This challenge is an implementation of the Manchester Dataflow Machine.
There's an excellent overview of dataflow machine architecture in this survey from '86.
There are 34 opcodes in the machine, and they're defined in types.h.
Output is done to stdout through the two (essentially MMIO)
destinations OUTPUTD_DESTINATION
and OUTPUTS_DESTINATION
(see
types.h).
Input is more complicated.
There's four instructions that handle output:
- Open, which will open a file:
<fd> = OPN <filename> <flags>
- Read, which will read one byte from an FD, and -1 on EOF:
<byte> = RED <fd>
- Write, which will write one byte to an FD:
<success> = WRT <fd> <byte>
- Close, which will close the file:
<success> = CLS <fd>
An important note is that these functions can only be used by the OS. The code loader will change all of these instructions to a DUP
The processing_unit has a trap_flag
that, when set to true, allows an x86-like trap mode single-step operation.
The trap-handeling code lives from instruction 0 to 100.
After another instruction executes (but before the execution_result
s
are sent on the outgoing_token_packet), the following is sent to the
following addresses (destination 0 for all):
- inst[0] = hash(
src
) - inst[1] = hash(
destination
) - inst[2] =
return_location
If 1
is sent to the return_location, then the execution result will
be sent, if anything else, then it will not.
assembler.py has the assembler (modeled after the TASS language presented in the Manchester Dataflow Machine paper).
compiler.py is the compiler for a higher
level language that I called force (programming in TASS for things
like functions and if statements is painful). One thing that's very
annoying about the dataflow languages is guarding statements, so
that's why there's a lot of foo = foo ^ foo
and other things, to
ensure that instructions are properly guarded (even if they don't have
a direct dataflow dependency). Probably a better approach would have
been to create syntax in the language to enforce that, but sometimes
you just gotta yolo.
The os.force is the OS of the system. It's the first file that boots up by the machine, so it's the only program that can use privileged instructions (defined in types.c).
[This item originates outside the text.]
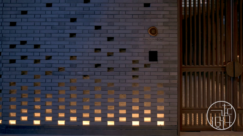 青砖外墙内侧设隐藏暖光透过立面开口向外界渗出▽

It also has library functions that help in actually using the machine (similar to libc).
There's a number of userspace applications written in the force language.
In phase 1, there is no ability for the teams to write, so there's only one bug:
- Backdoor in OS
In phase 1, the backdoor was removed.
In phase 2, they can use the shell
redirection and cat
to create their own files that are loaded.
There's a few bugs:
-
Another (different) backdoor in the OS. This can't be directly called, but the teams can directly call the
OPN
instruction. -
Bypass the check in
open_file
by directly callingOPN
instruction. -
Write to shared memory queues.
-
Loader overwrites opcode with external symbol with undocumented/unused flag.
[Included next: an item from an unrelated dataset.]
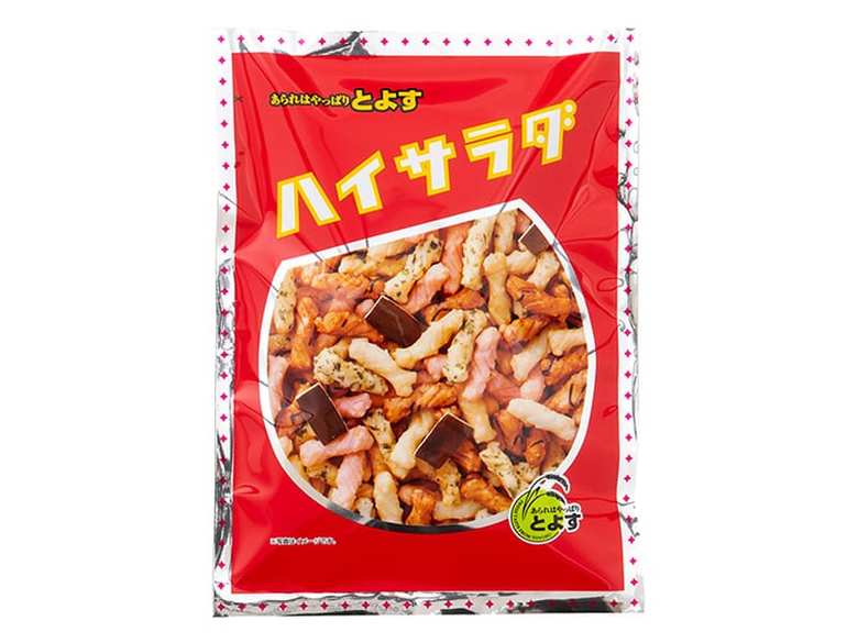 業界用語だと“サラダがけ”というのですが、主力商品である『ハイサラダ』というおかきのアイデンティティもしっかりつまっています」

The backdoor can be patched by removing that functionality.
The OPN
instruction in open_file
cannot be removed, so there's two
options: (1) randomize the location of OPN
(with cat
able to read,
this doesn't hide it from a good team) and (2) use Trap Mode (see
below) to perform data flow protect to prevent the direct calls.
An attacker can then mess with Trap Mode in two ways:
-
Use hash collisions to trick the trap mode code into thinking that the call to
OPN
is valid. -
The check for trap-mode code is any code in the first 100 instructions of the OS. The check for this incorrectly casts the instruction number to a 16-bit integer, which means that a clever attacker can overflow it.
To trigger the third bug (writing to the shared memory queues) the
teams could use lseek and write on the FDs of the shared memory queues
that act as the buses between the hardware components, thus executing
their own instructions (bypassing trap mode and all). This can be
patched by checking in the WRT
function the FDs.
To trigger the fourth bug (loader overwrites opcode with symbol), if the highest bit is set in the external references flags, the loader will overwrite the opcode with the current destination of the symbol. In this way, an attacker can create privileged opcodes in userspace.